A reader writes:
Are you familiar with this 2nd Edition of the Ignatius Catholic Leather Bible that has just been released? It is leather and I would like to get one, but I am never sure on what will be considered a "good" translation. I have read your tracts on Bible translations already and know that you recommend the RSV, so is the 2nd Edition RSV going to be pretty much the same thing and trustworthy?
I had not previously been familiar with the 2nd edition of the Ignatius Bible, though my confidence in the publishing house is such that I would have been able to recommend it anyway.
By a strange coincidence, however, I happened to have the chance to examine a copy of it today. (Our purchaser at Catholic Answers wanted me to look over a copy to see if it was something we want to carry.)
As a result, I now have more familiarity with it and can give a more specific response.
It appears that they have done three basic things:
- They re-typeset it so that it looks better than it did before on the page.
- They took the notes that used to appear in appendices at the end of the Old and New Testaments and put them on the pages that the notes apply to, so you no longer have to flip to the back of the book.
- They made minor changes to confusing and archaic language at a very small number of points in the translation.
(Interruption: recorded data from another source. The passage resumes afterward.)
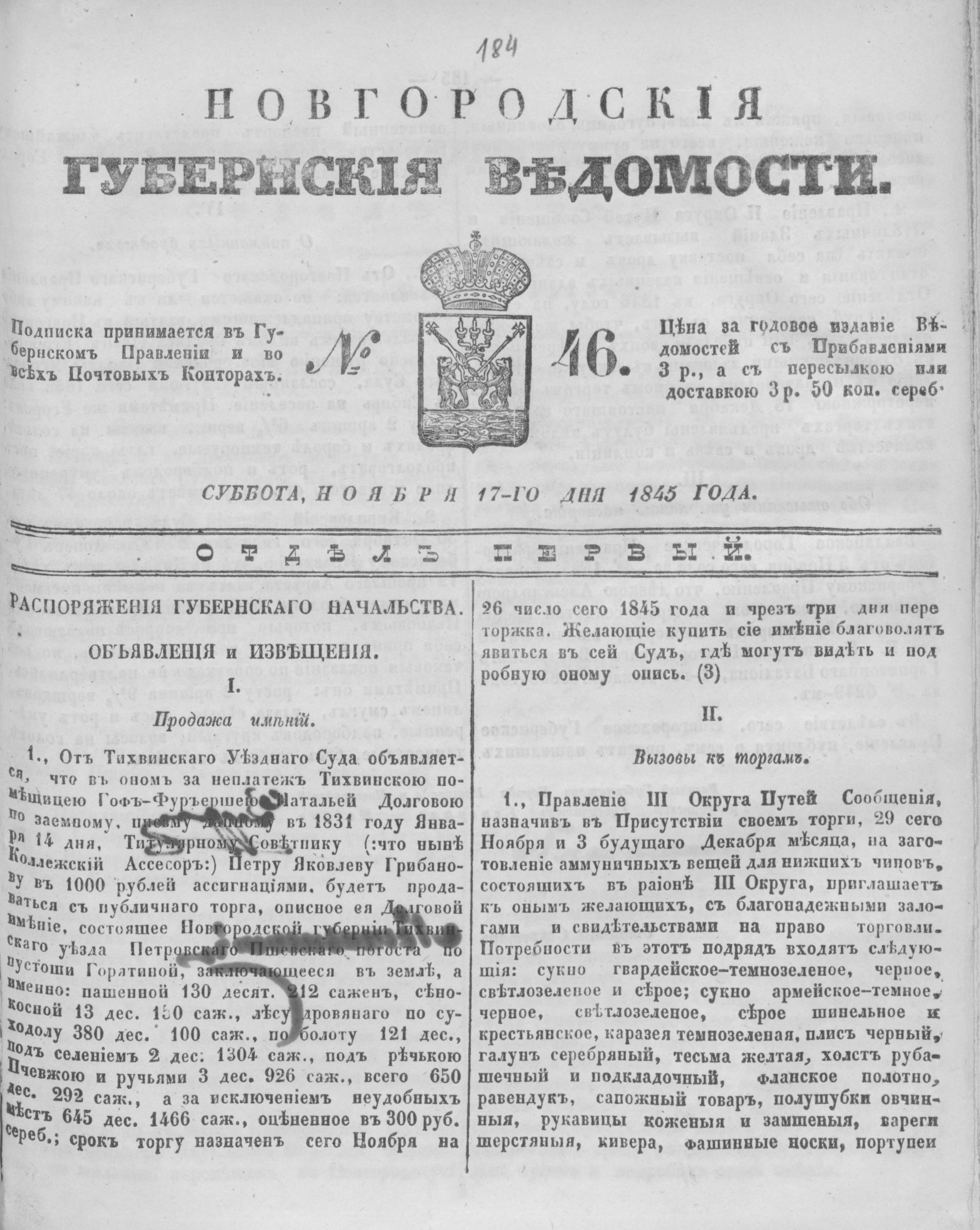 НОВГОРОДСКИЕ ГУБЕРНСКИЕ ВЕДОМОСТИ
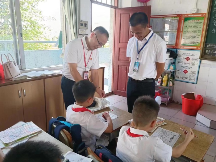 接著賴老師認真聽取了小瀝小學(xué)高強輝校長關(guān)于小瀝小學(xué)本學(xué)期“雙減”工作的落實情況報告。他對學(xué)校各項管理工作給予充分肯定,認為學(xué)校在推進“雙減”工作中政治站位高、舉措到位、成效顯著且有創(chuàng)新意識,教學(xué)常規(guī)落實到位,作業(yè)管控科學(xué)規(guī)范,“五項”管理落到實處,校園安全防線細密,制度方案落實到位。希望學(xué)校堅定不移貫徹落實好黨中央關(guān)于“雙減”工作的決策部署,要把牢關(guān)鍵,凝聚學(xué)校、社會、家庭各方力量,有序推進,夯實學(xué)校主陣地作用,不斷優(yōu)化學(xué)校管理水平,提升課堂教學(xué)質(zhì)量,提高課后服務(wù)水平,辦好讓社會放心、家長安心、學(xué)生舒心的教育。
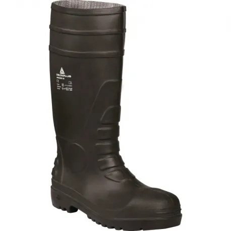 Сапоги из поливинилхлорида (ПВХ). Металлический защитный подносок. Литьевой метод крепления подошвы. Подошва противоскользящая двухслойная – ПВХ и нитрильный каучук, устойчивая к маслам и нефтепродуктам, кислотам, щелочам.
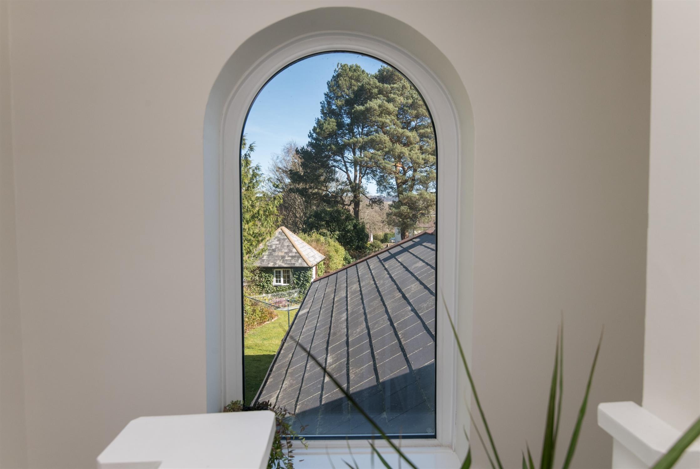 To the rear, a large, level garden offers a peaceful retreat, perfectly secluded and bathed in sunlight. A spacious patio provides the perfect spot for outdoor dining or entertaining, all while enjoying the breathtaking distant views over East Hill. There is also a summer house which has double-glazed windows and power, ideal for conversion into a home office.
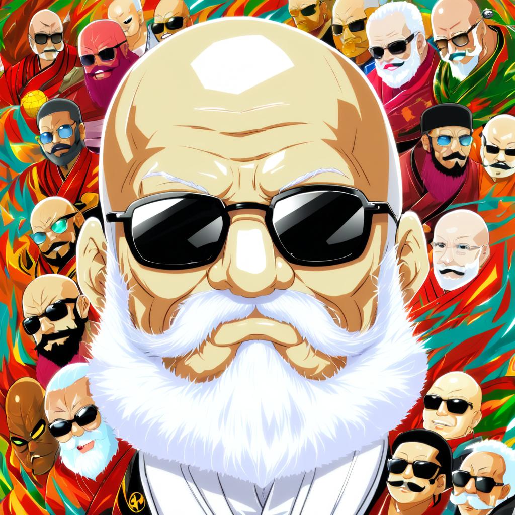 Muten roushi, dragon ball, 1boy, beard, mustache, white hair, sunglasses, bald, old man, by artist shikito, anime

Here’s how the Ignatius web site (www.ignatius.com) describes this edition:
A completely new typeset and designed edition of the popular Ignatius Revised Standard Version Bible, with minor revisions to some of the archaic language used in the first edition. This revised version is a contemporary English translation without dumbing-down the text. This second edition of the RSV doesn’t put the biblical text through a filter to make it acceptable to current tastes and prejudices, and it retains the beauty of the RSV language that has made it such a joy to read and reflect on the Word of God. Now the only Catholic Bible in standard English is even more beautiful in word and design!
Note the clause that I’ve highlighted in blue. This is code for "this Bible does not make feminist revisions to the genders that are found in the biblical text."
That’s a good thing.
And I’d have no problem recommending this edition.